ABOUT THIS EXERCISE: Starting with the line below that holds "流动性方面,本周央行公开操作" and stopping after the line that holds "Required Level: 59Socketed", transcribe the lines exactly, leaving out all pictures.

SOURCE MATERIAL:
=== Section Start ===

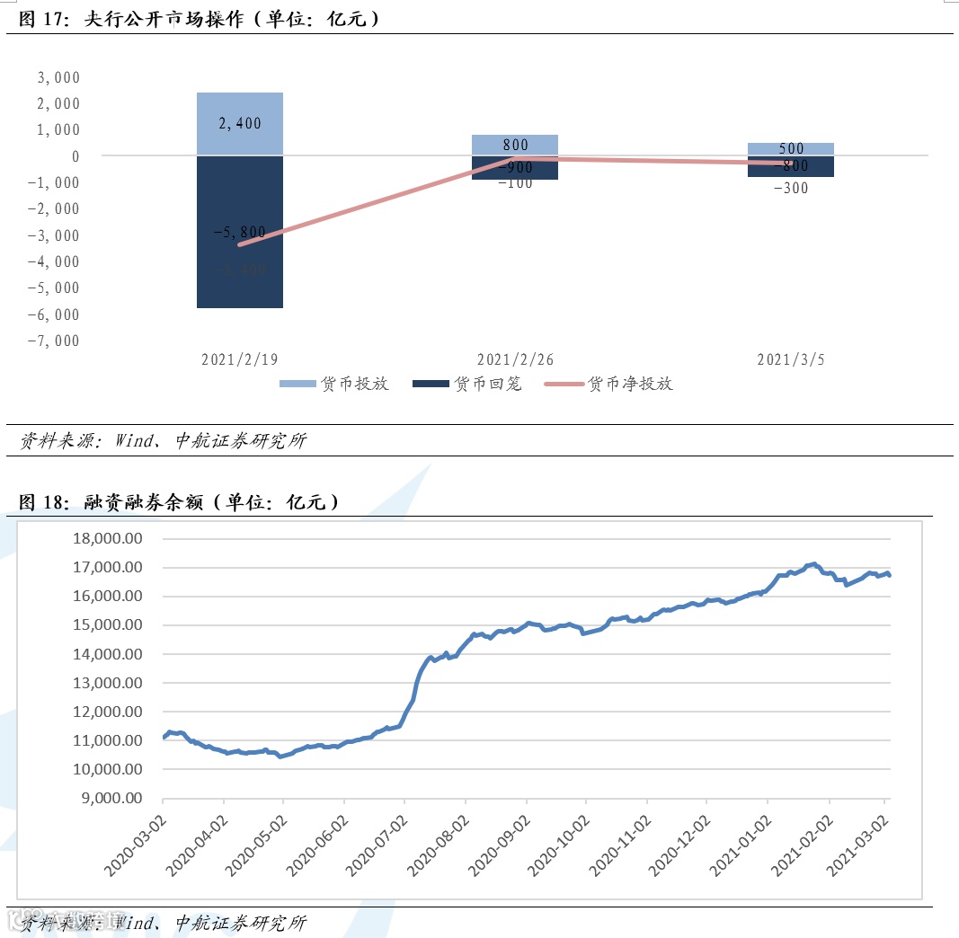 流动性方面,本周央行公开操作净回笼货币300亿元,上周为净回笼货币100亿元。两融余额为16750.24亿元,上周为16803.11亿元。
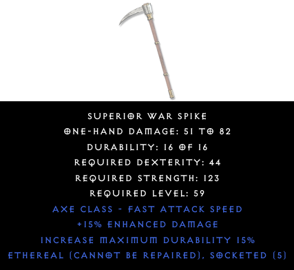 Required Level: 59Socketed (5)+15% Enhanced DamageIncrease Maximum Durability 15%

=== Section End ===
=== Section Start ===

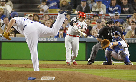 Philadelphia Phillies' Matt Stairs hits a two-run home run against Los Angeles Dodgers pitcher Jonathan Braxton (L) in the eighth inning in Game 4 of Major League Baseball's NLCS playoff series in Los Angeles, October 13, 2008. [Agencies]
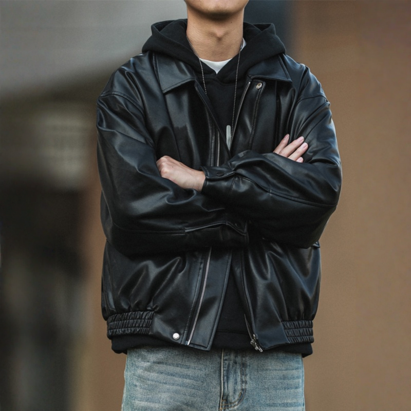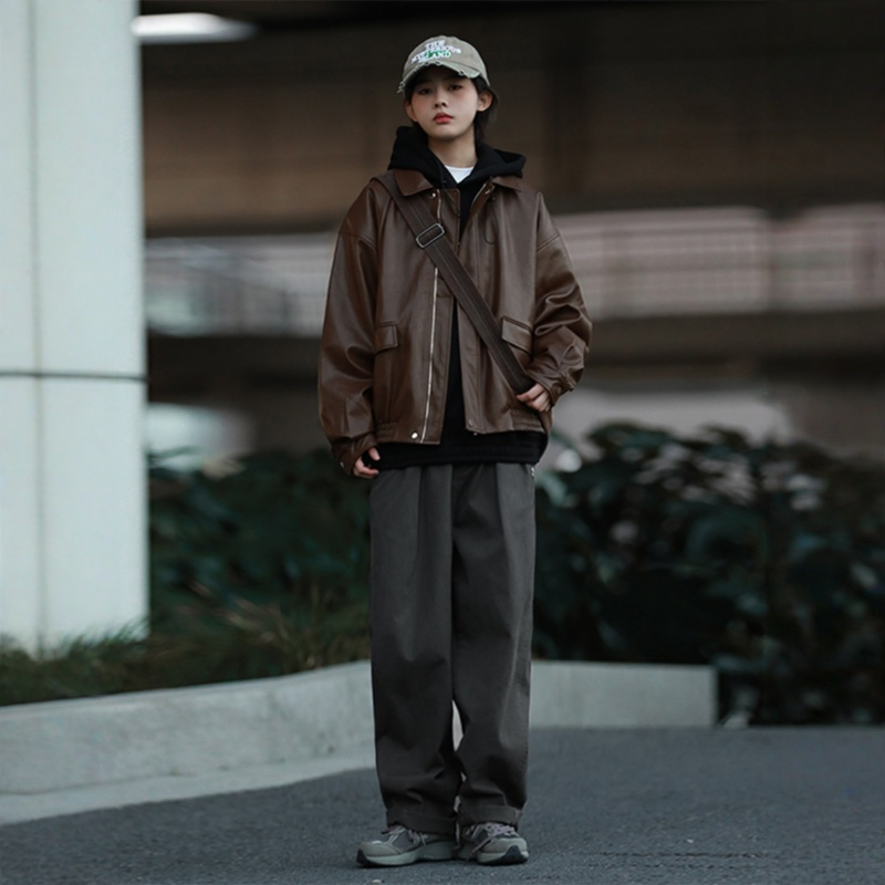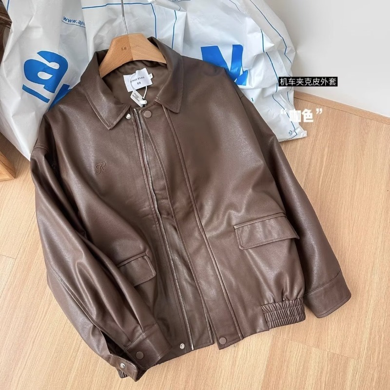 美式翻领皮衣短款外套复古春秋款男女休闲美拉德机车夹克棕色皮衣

=== Section End ===

RESPONSE BELOW:
 流动性方面,本周央行公开操作净回笼货币300亿元,上周为净回笼货币100亿元。两融余额为16750.24亿元,上周为16803.11亿元。
 Required Level: 59Socketed (5)+15% Enhanced DamageIncrease Maximum Durability 15%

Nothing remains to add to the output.